- Decades:: 2000s; 2010s; 2020s;
- See also:: History of Massachusetts; Historical outline of Massachusetts; List of years in Massachusetts; 2025 in the United States;

= 2025 in Massachusetts =

The following is a list of events of the year 2025 in Massachusetts.

== Incumbents ==
===State government===
- Governor: Maura Healey (D)

==Events==
- February 12–20 – 2025 4 Nations Face-Off
- March 24 – The Fall River/New Bedford Line opens as the first phase of the South Coast Rail project.
- March 25 – Tufts University student Rümeysa Öztürk is detained by Homeland Security agents near her home in Somerville. The same day, a protest against her detention is held in nearby Cambridge. Öztürk had written a pro-Palestinian op-ed, but was otherwise not known to be involved in protests.
- April 2 – A protest against Rümeysa Öztürk's detention is held in Boston. Mayor Michelle Wu and State Attorney General Andrea Campbell are among the participants.

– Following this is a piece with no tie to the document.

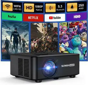 Projector with WiFi and Bluetooth, Screen | Native 1080P, Portable Outdoor 5G Projector, Lag-Free, Compatible with iPhone, Android, PC, Fire Stick, Xbox, and PS5

- May 8 – Immigration and Customs Enforcement (ICE) pulls a vehicle over containing two sisters in Worcester, later joined by the Worcester Police Department. Protesters gather during the operation. In total, three people are arrested; a Brazilian national who is the mother of the sisters is arrested by ICE. Worcester Police arrest the woman's 17-year-old daughter and a local school board candidate and protester.
- May 22 – The Trump administration bars Harvard University from enrolling international students. The DHS says foreign students currently enrolled at Harvard must transfer to other institutions. A federal judge blocks the order.

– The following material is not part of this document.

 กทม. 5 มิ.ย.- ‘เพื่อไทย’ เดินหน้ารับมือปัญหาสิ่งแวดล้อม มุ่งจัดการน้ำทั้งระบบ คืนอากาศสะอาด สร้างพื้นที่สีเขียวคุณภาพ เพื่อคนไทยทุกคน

- June 4 – Worcester City Councilor Etel Haxhiaj is arrested in connection to the ICE raid that occurred May 8. She is charged with assault and battery on a police officer.
- June 18 – Karen Read, who was charged with murder in the death of her boyfriend, Boston Police Officer John O'Keefe in Canton, is found not guilty on the three major charges, though she is found guilty of operating under the influence.

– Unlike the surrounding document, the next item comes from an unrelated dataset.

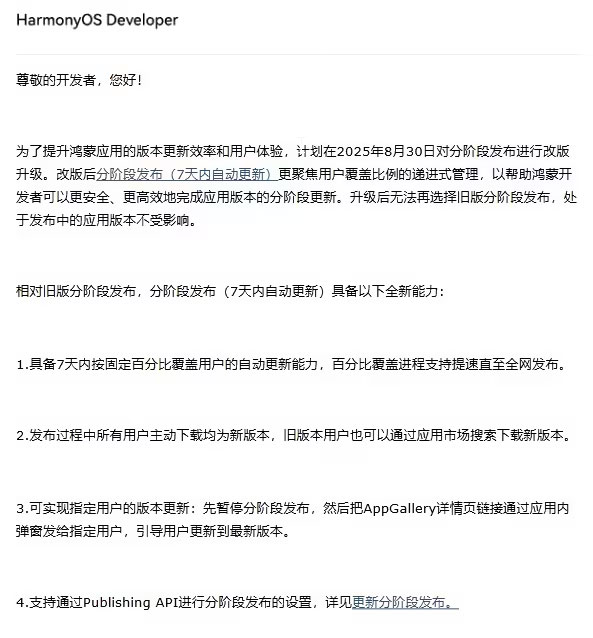 尊敬的开发者,您好!为了提升鸿蒙应用的版本更新效率和用户体验,计划在 2025 年 8 月 30 日对分阶段发布进行改版升级。改版后分阶段发布(7 天内自动更新)更聚焦用户覆盖比例的递进式管理,以帮助鸿蒙开发者可以更安全、更高效地完成应用版本的分阶段更新。升级后无法再选择旧版分阶段发布,处于发布中的应用版本不受影响。相对旧版分阶段发布,分阶段发布(7 天内自动更新)具备以下全新能力:具备 7 天内按固定百分比覆盖用户的自动更新能力,百分比覆盖进程支持提速直至全网发布。发布过程中所有用户主动下载均为新版本,旧版本用户也可以通过应用市场搜索下载新版本。可实现指定用户的版本更新:先暂停分阶段发布,然后把 AppGallery 详情页链接通过应用内弹窗发给指定用户,引导用户更新到最新版本。支持通过 Publishing API 进行分阶段发布的设置,详见更新分阶段发布。感谢您的配合与支持!

- July 13 – A fire at an assisted-living facility in Fall River kills ten people.
- July 25 – Concession workers at Fenway Park and MGM Music Hall go on strike.
- September 4 – The Trump administration sues the city of Boston over its sanctuary city laws.
- September 18 – Massachusetts and nine other Northeastern states announce the formation of the Northeast Public Health Collaborative, a coalition of local health leaders.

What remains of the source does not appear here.